また、高いリターンポテンシャルの裏には、それを大きく上回るボラティリティとドローダウンリスクが存在することを常に念頭に置いてください。

よくある質問

Q1. ビットコインと株式の相関係数はどのくらいですか?

市場環境によって異なりますが、2020年以降は概ね0.3〜0.7程度の正の相関が観測されることが多くなっています。リスクオン局面では相関が高まりやすく、リスクオフ局面では変化することがあります。

Q2. ビットコインは株式のヘッジになりますか?

現状では、株式市場が急落する局面でビットコインも同時に下落するケースが多く、伝統的な意味での「ヘッジ資産」としての役割は限定的と考えられています。ただし、特定の局面(法定通貨への信頼低下など)では独自の値動きを示すことがあります。

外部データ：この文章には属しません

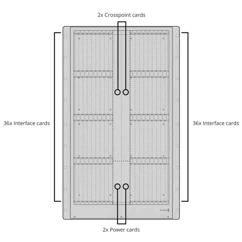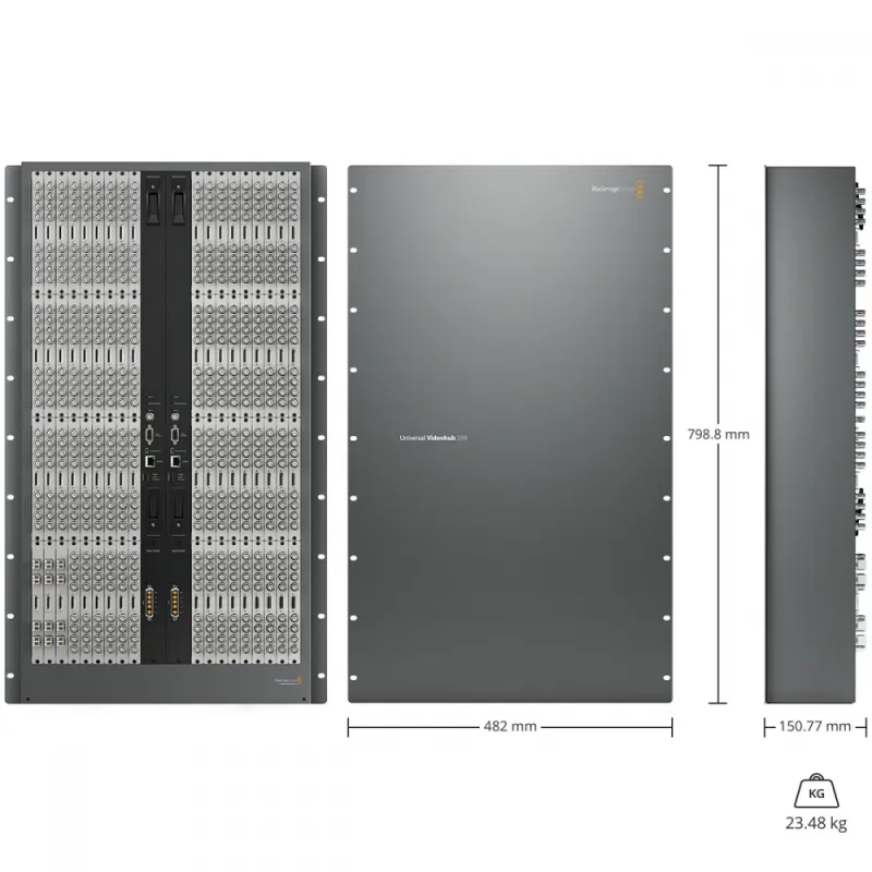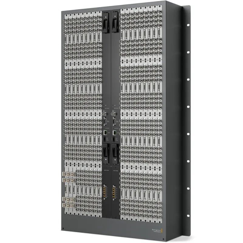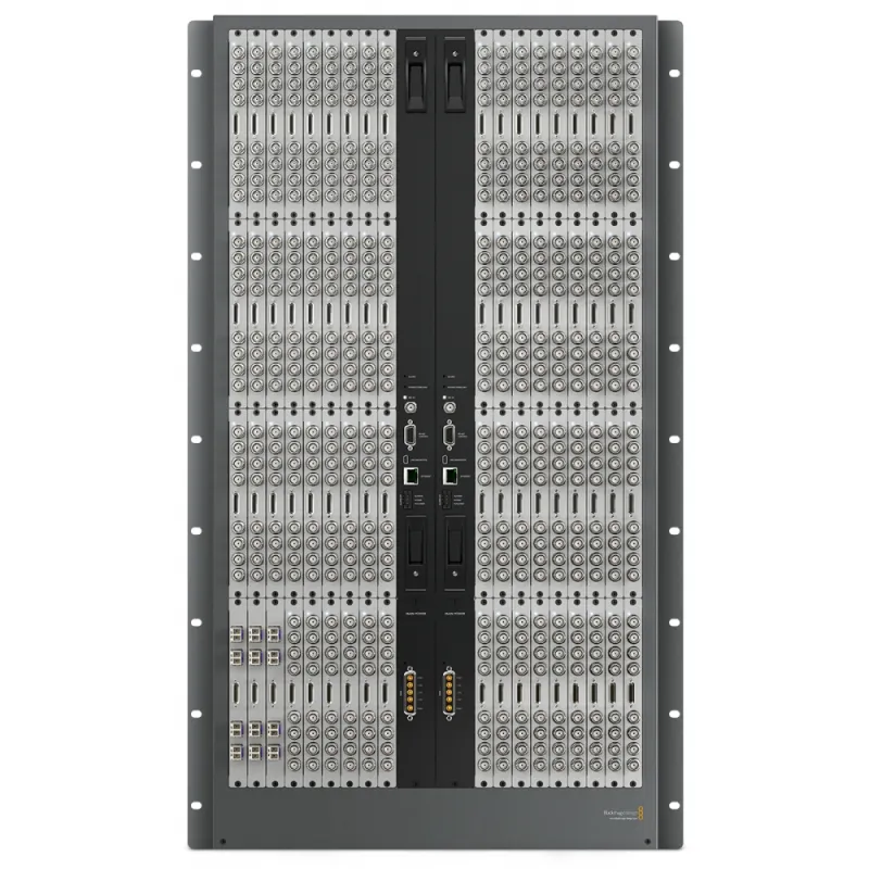 Supports up to 288 x 288 SDI and 288 x 288 deck control, ethernet/serial router crosspoint control, genlock, alarm GPI and alarm indictors. Compatible with Universal Videohub 288 frame.

Q3. ポートフォリオにビットコインを何%組み入れるべきですか?

一般的に、過去データを用いた分析では1〜5%程度の組み入れがシャープレシオを改善するという研究結果があります。ただし、これは過去の実績に基づくものであり、将来のパフォーマンスを保証するものではありません。投資判断はご自身のリスク許容度と投資目標に基づいて行ってください。

※本記事は情報提供を目的としており、投資を推奨するものではありません。暗号資産への投資は元本割れのリスクがあります。投資判断はご自身の責任で行ってください。